The 2.6 Linux Scheduler | Performance Tuning for Linux Servers

Before release 2.4 of the Linux kernel, SMP machines were not seriously considered in terms of performance. As the 2.2 version of the kernel matured, however, it became increasingly evident that good SMP performance was important to Linux users. Although it remains desirable for performance reasons to keep as much of the SMP code as possible under a configuration option, it has also become more important to commercial Linux users that SMP code utilize the processors efficiently and treat applications equitably.

To achieve its scheduling objectives, Linux assigns a static priority to each task that can be modified by the user through the nice() system call. Linux has a range of priority classes, varying from 0 to MAX_PRIO, where MAX_PRIO=140. The first MAX_RT_PRIO priorities, where MAX_RT_PRIO=100, are set aside for real-time tasks. The remaining 40 priority classes, [100..140], are set aside for time sharing (that is, normal) jobs, representing the [20..19] nice value of UNIX processes. Lower nice values correspond to lower static priority and higher importance. Real-time tasks always have a higher priority than normal tasks.

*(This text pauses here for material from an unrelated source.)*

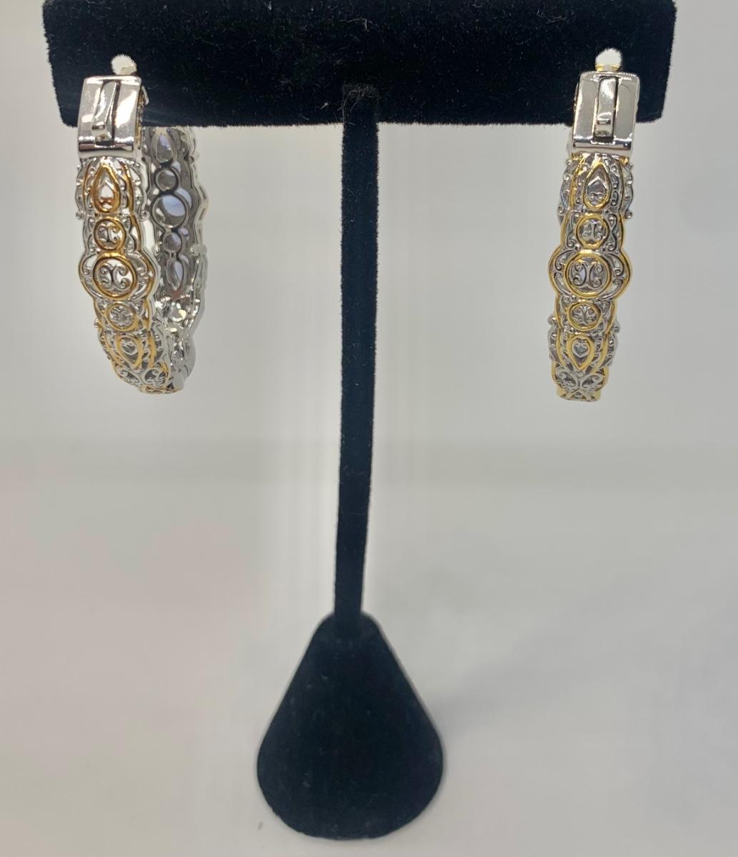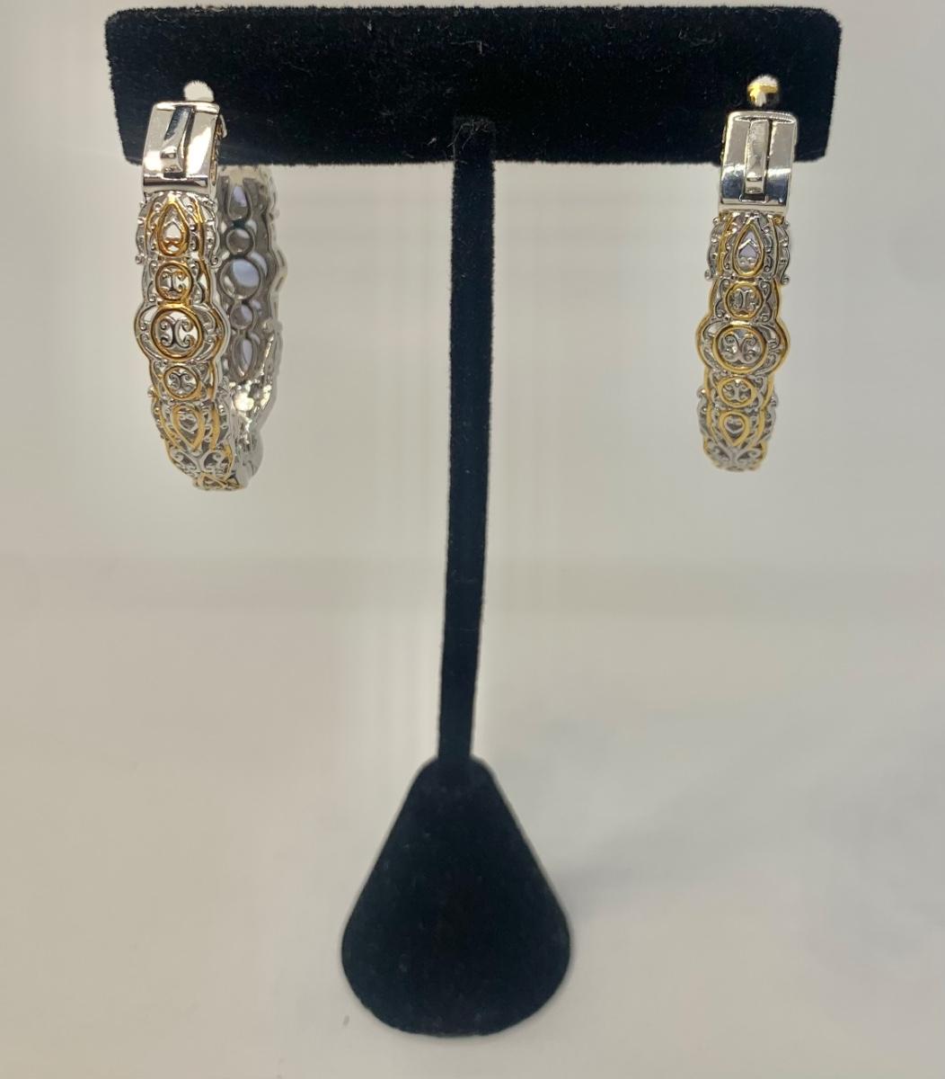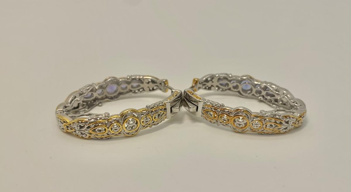 LOT 16: 925 NH  Two Tone Tanzanite Hoop Earrings

Each task maintains an effective priority, which is determined by the interactivity of the task. The more interactive a task, the more important it becomes. Temporary effective priority bonuses or penalties are given based on the recent sleep average of a given task. The sleep average is a number in the range of [0..MAX_SLEEP_AVG(=10 seconds)], and it accounts for the number of ticks a task spent voluntarily not using its timeslice and waiting for an I/O completion. A bonus is given for higher sleep averages, and a penalty is given for lower sleep averages.

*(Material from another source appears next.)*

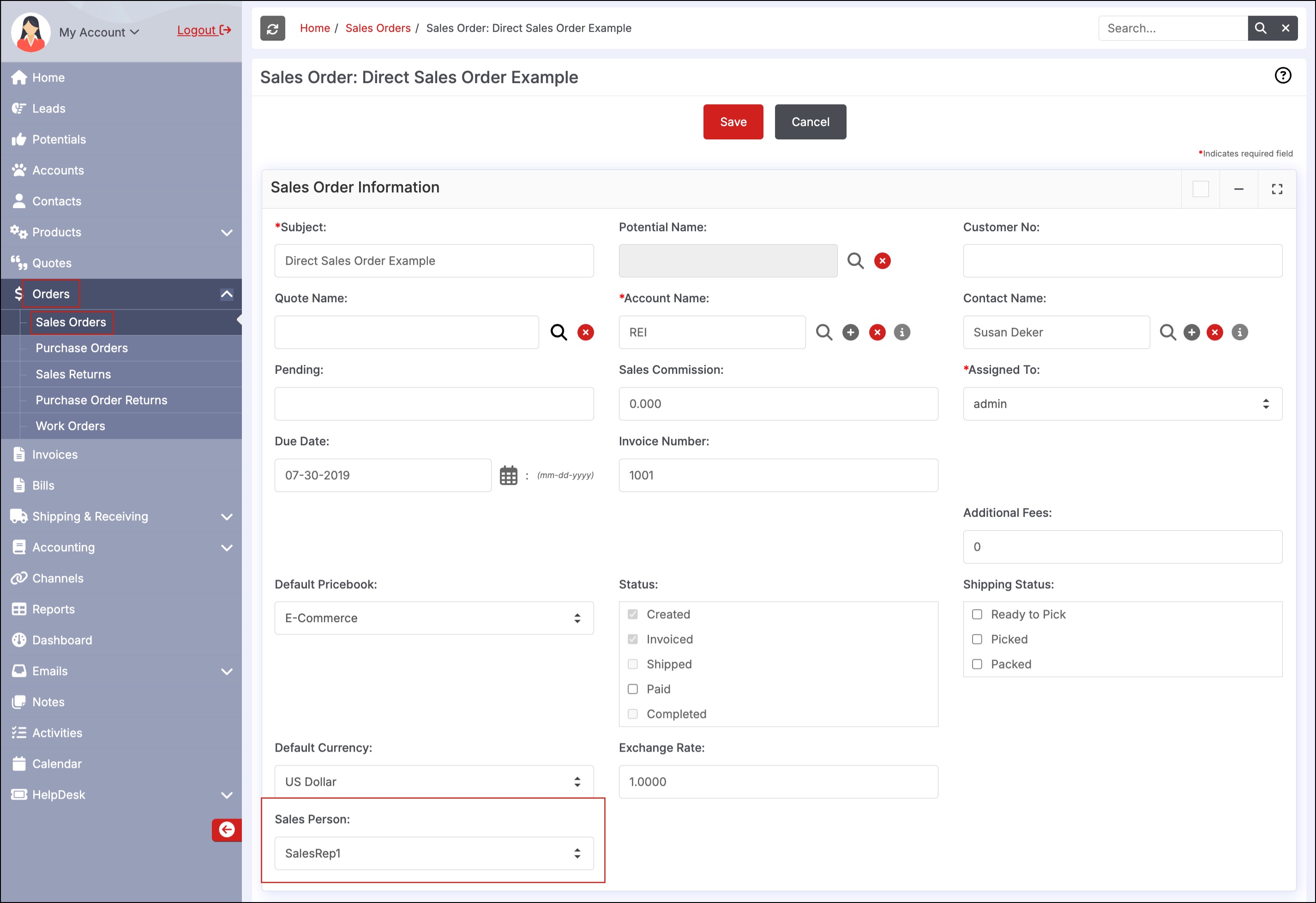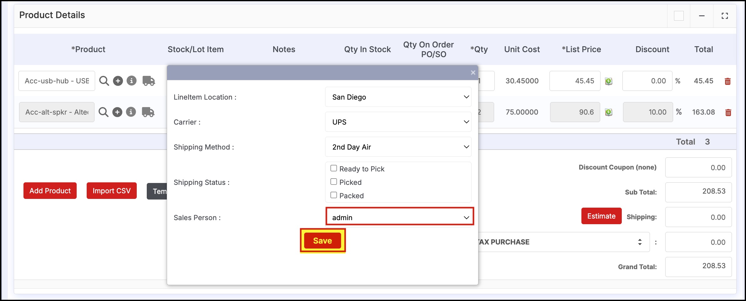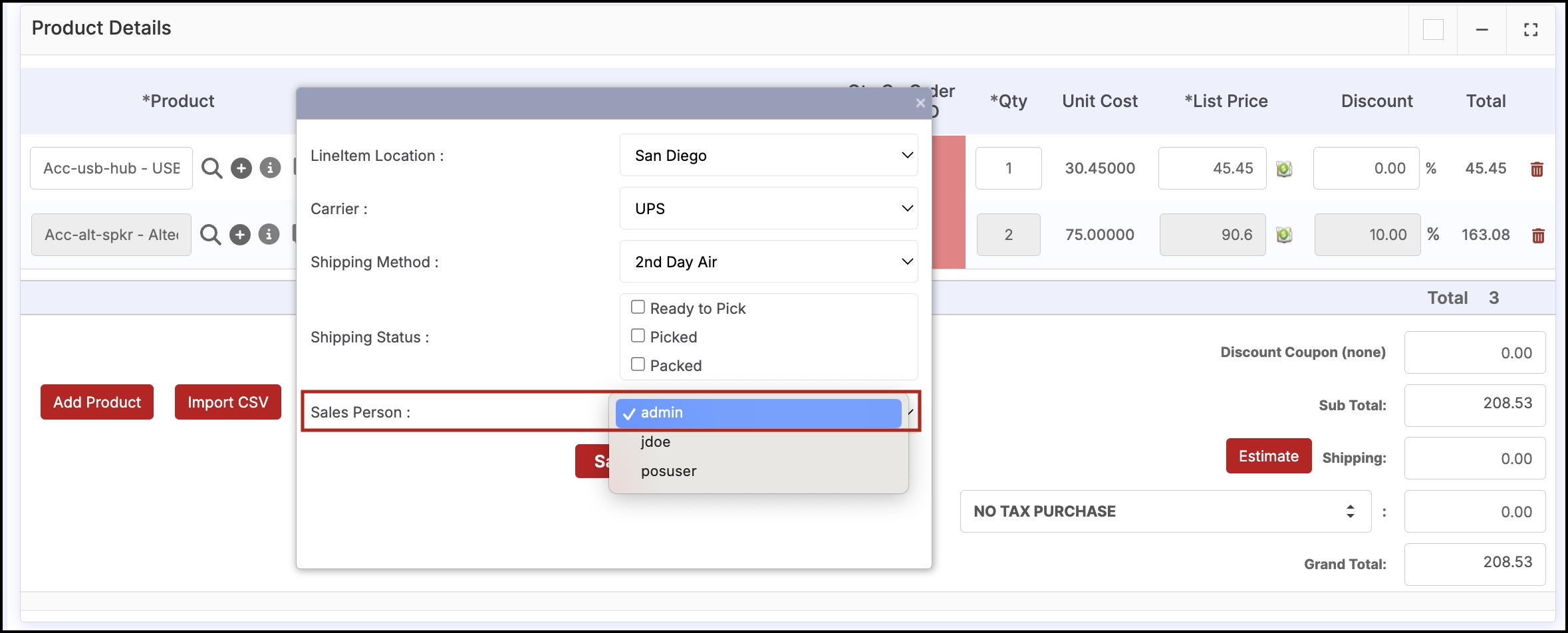 If Line Item Shipping is enabled, then the Sales Person selection drop-down is now available for each line item in the Sales Order.

A task is considered interactive when its effective priority exceeds its static priority by a certain level (which can only be due to its accumulating sleep average). High-priority tasks reach interactivity with a much smaller sleep average than lower-priority tasks.

A timeslice is the maximum time a task can run before yielding to another task. It is simply a linear function of the static priority of normal tasks projected into the range of [MIN_TIMESLICE(=10 milliseconds)..MAX_TIMESLICE(=200 milliseconds)]. The higher the static priority of a task, the longer the timeslice. The timeslice in the kernel is defined as multiples of a system tick. A tick is defined by the fixed delta (1 HZ) of two consecutive timer interrupts. In Linux 2.6, HZ=1000the timer interrupt routine is called once every millisecondat which time the currently executing task is charged a tick.

The scheduler needs to decide which task to run next and for how long. Effective priority determines which task to run next; static priority determines for how long.

The Linux scheduler in 2.6 is a multiqueue scheduler that assigns a run queue to each CPU. Each run queue performs per-CPU scheduling. It consists of two arrays of task lists: the active array and the expired array. Each array index represents a list of runnable tasks at their respective effective priority level. A task with the highest effective priority from the active array is chosen to run first. After the allotted timeslice completes, the task is moved from the active list to the expired list after replenishing the timeslice and effective priority to guarantee that all tasks get a chance to execute. When the active array is empty, expired and active arrays are swapped. This makes the scheduler O(1) because it does not have to traverse a potentially large list of tasks, as was needed in the 2.4 scheduler.

Interactive tasks relinquish the CPU before their timeslices expire because they have to wait for I/O completion. When the timeslice of an interactive task expires, the task is put back in the active array instead of in the expired array in order to give it an advantage over the processor hogs. As a result, a situation can arise when the active array continues to have tasks, which in turn may cause the starvation of tasks in the expired array. To avoid this situation, if the first expired task is waiting for more than STARVATION_LIMIT(=10seconds) times the number of tasks in the run queue, the interactive task is simply put in the expired array.

The 2.6 scheduler contains support for different CPU topologies like SMT and NUMA through sched domains. The scheduling policy is set in the sched domain data structure by the architecture depending on the system topology. Those scheduling policies are used while scheduling tasks to the CPUs.

Sched domains are created hierarchically as it appears on the system topology.

Although the 2.6 scheduler can work on different CPU configurations, some of the configurations depend on load balancing to assist. Load balancing keeps the system load, especially for multiprocessers, balanced.